- Data below
====

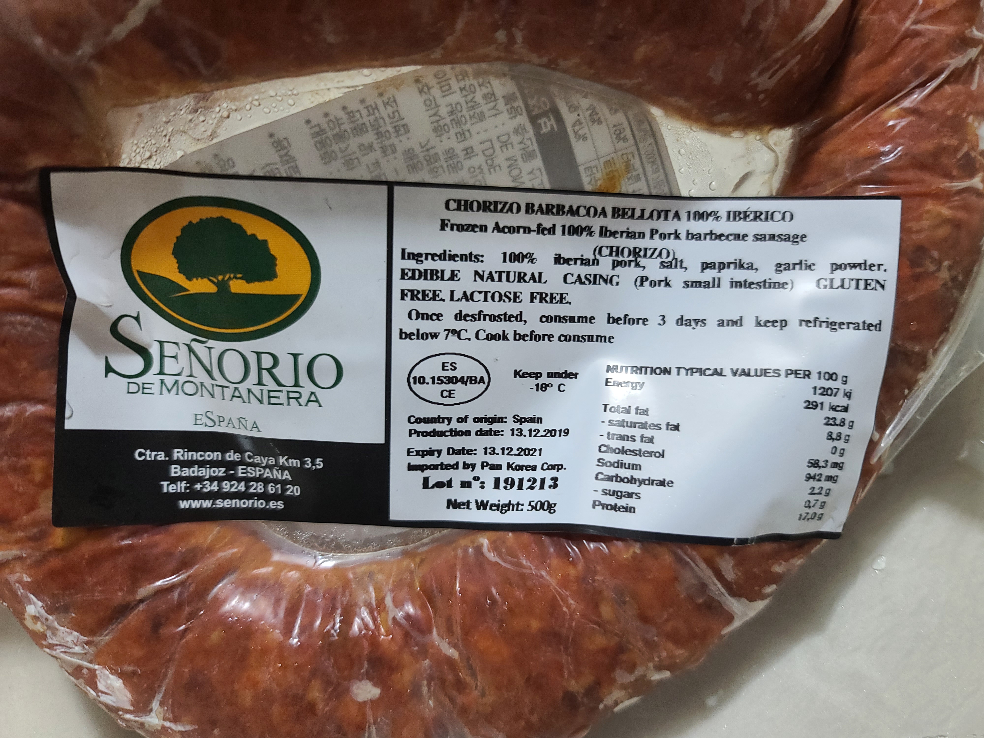 오늘 초리조 파스타에 사용할 초리조는 가문의 레시피에서 제공해주신 이베리코 베요타 초리조를 사용하도록 하겠습니다.
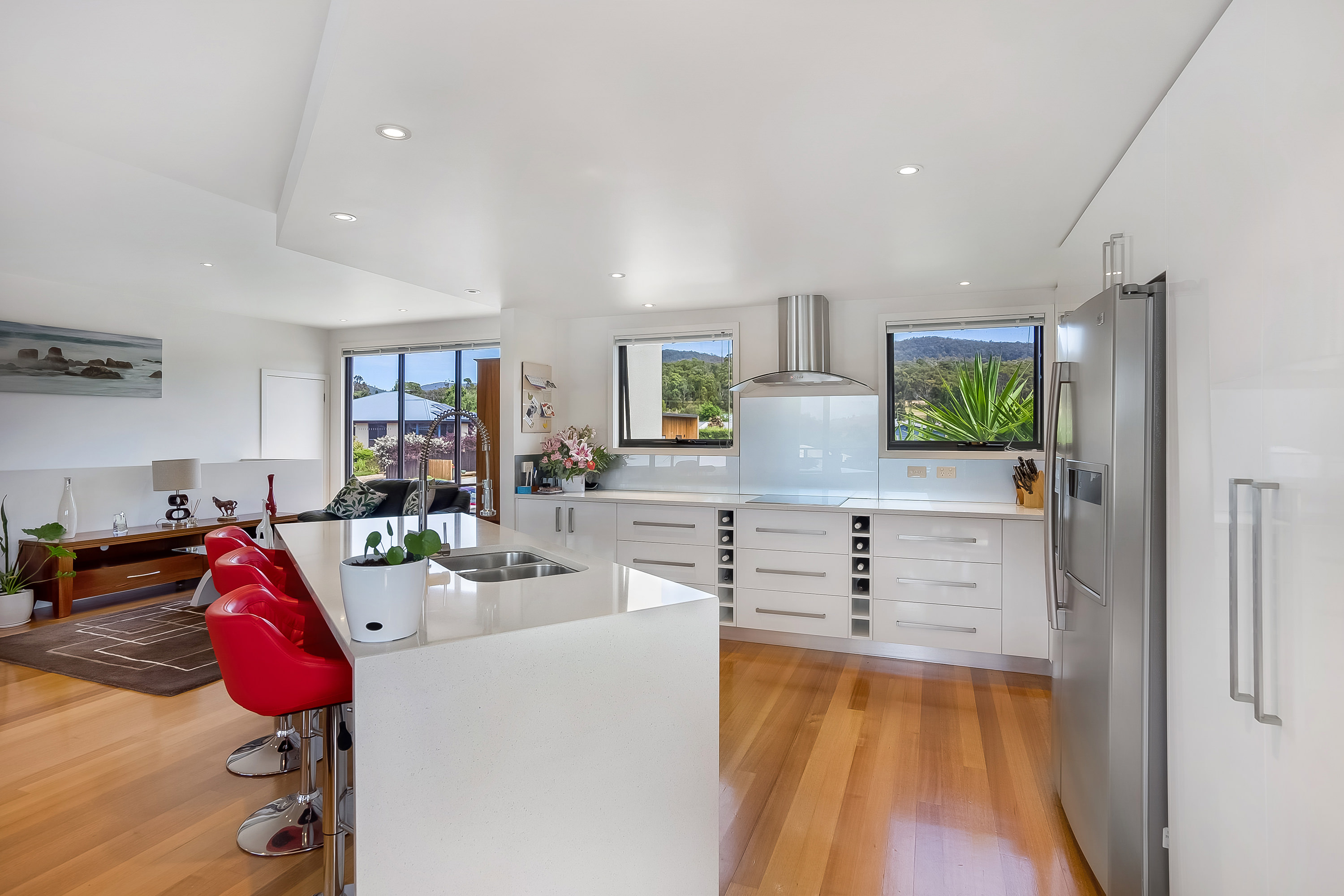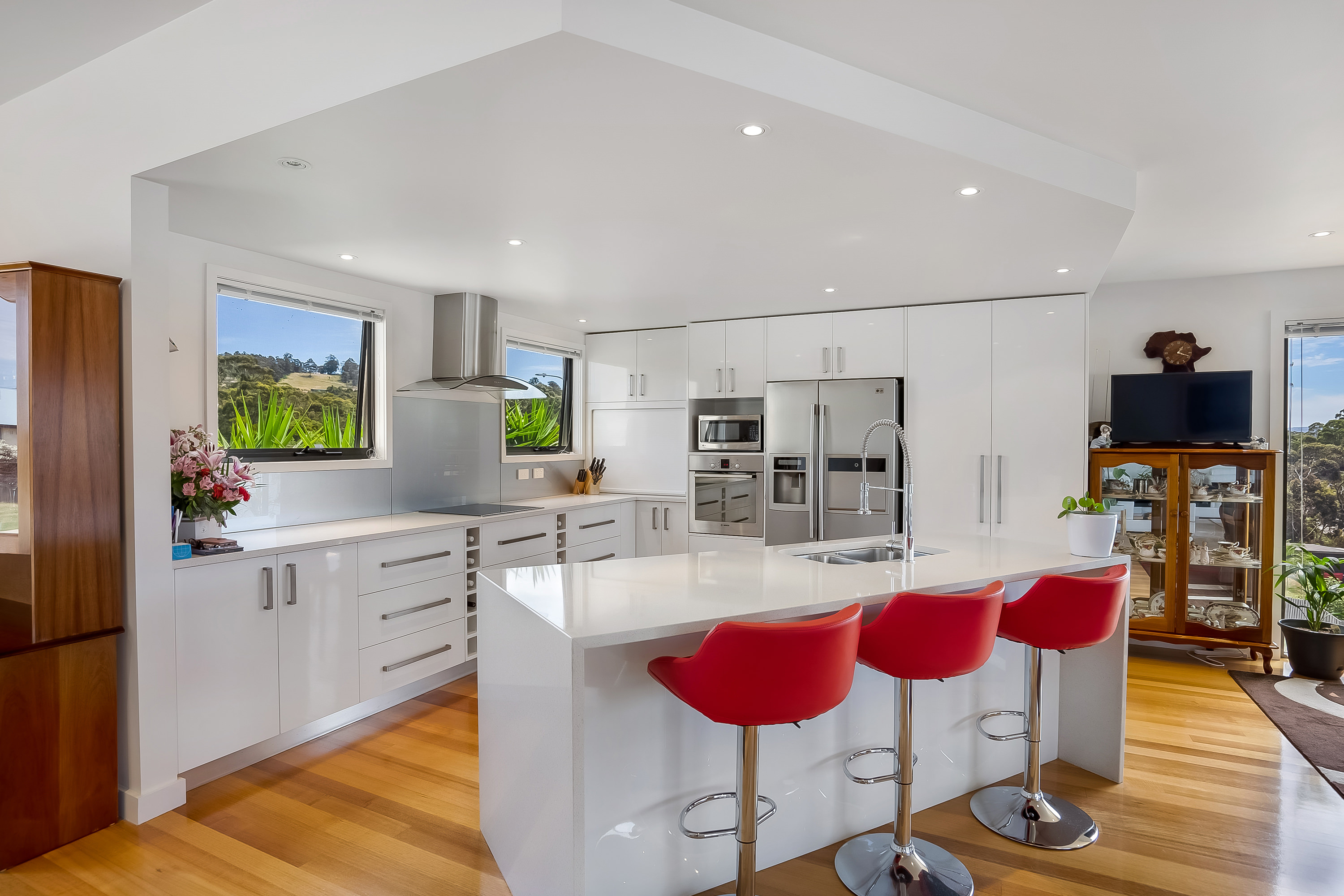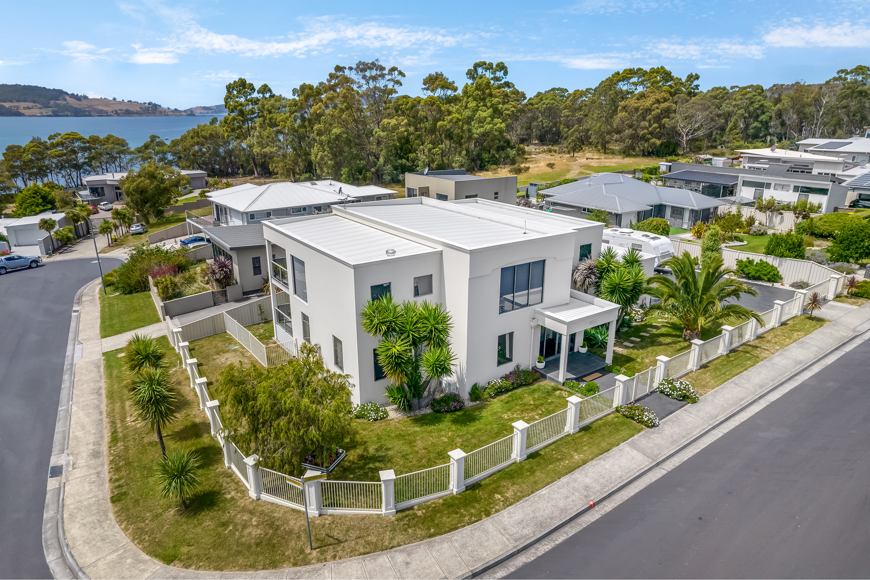 Upstairs offers multiple living areas, a gourmet kitchen containing quality Bosch appliances, the master bedroom with walk in robe, designer bathroom and an undercover outdoor entertainment area overlooking the D'Entrecasteaux Channel, home to the nearby newly developed Margate marina - where you sit back, relax and watch the boats sail by.
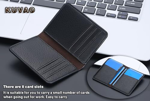 Brand: KUVAOColor: BlackMaterial: Faux LeatherStyle: LeisurePattern: textureThis is a lightweight credit card holder wallet with 8 card slots. It is made of very tender and delicate artificial leather. Its texture is close to genuine leather. I estimate that you will be satisfied with its quality.Each weighs approximately 20 grams (0.0441LB) and has dimensions of 4.13 x 2.87 x 0.276 in (10.5x7.3x0.7cm).Due to manual cutting of the material, please allow for slight errors in weight and size.top-grade PU leather,This leather material is professionally used for making wallets, with a soft, smooth, and durable touch. The quality belongs to the excellent leather materials in artificial leather.Main features: Convenient to carry, sometimes you only need to carry a small number of cards when going out, so it is very suitable for you.Soft material, emphasis on craftsmanship, giving you a good feeling. Perfect for everyday use. High quality materials and excellent craftsmanship ensure long-lasting durability.
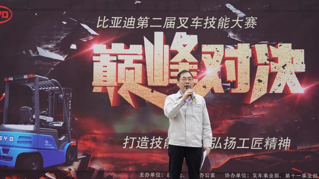 赵总为开幕式致辞。他对参加决赛的全体参赛选手表示了热烈祝贺,并指出:公司深耕实业25载,在电子、汽车、新能源、和轨道交通等领域取得瞩目成就,靠的是秉承匠人之心的员工。本次叉车技能大赛,旨在弘扬工匠精神,打造比亚迪技能精英,助力公司高质量发展。

====

- Requirement
Retype the data above exactly. Leave the pictures out.

- Output
 오늘 초리조 파스타에 사용할 초리조는 가문의 레시피에서 제공해주신 이베리코 베요타 초리조를 사용하도록 하겠습니다.
 Upstairs offers multiple living areas, a gourmet kitchen containing quality Bosch appliances, the master bedroom with walk in robe, designer bathroom and an undercover outdoor entertainment area overlooking the D'Entrecasteaux Channel, home to the nearby newly developed Margate marina - where you sit back, relax and watch the boats sail by.
 Brand: KUVAOColor: BlackMaterial: Faux LeatherStyle: LeisurePattern: textureThis is a lightweight credit card holder wallet with 8 card slots. It is made of very tender and delicate artificial leather. Its texture is close to genuine leather. I estimate that you will be satisfied with its quality.Each weighs approximately 20 grams (0.0441LB) and has dimensions of 4.13 x 2.87 x 0.276 in (10.5x7.3x0.7cm).Due to manual cutting of the material, please allow for slight errors in weight and size.top-grade PU leather,This leather material is professionally used for making wallets, with a soft, smooth, and durable touch. The quality belongs to the excellent leather materials in artificial leather.Main features: Convenient to carry, sometimes you only need to carry a small number of cards when going out, so it is very suitable for you.Soft material, emphasis on craftsmanship, giving you a good feeling. Perfect for everyday use. High quality materials and excellent craftsmanship ensure long-lasting durability.
 赵总为开幕式致辞。他对参加决赛的全体参赛选手表示了热烈祝贺,并指出:公司深耕实业25载,在电子、汽车、新能源、和轨道交通等领域取得瞩目成就,靠的是秉承匠人之心的员工。本次叉车技能大赛,旨在弘扬工匠精神,打造比亚迪技能精英,助力公司高质量发展。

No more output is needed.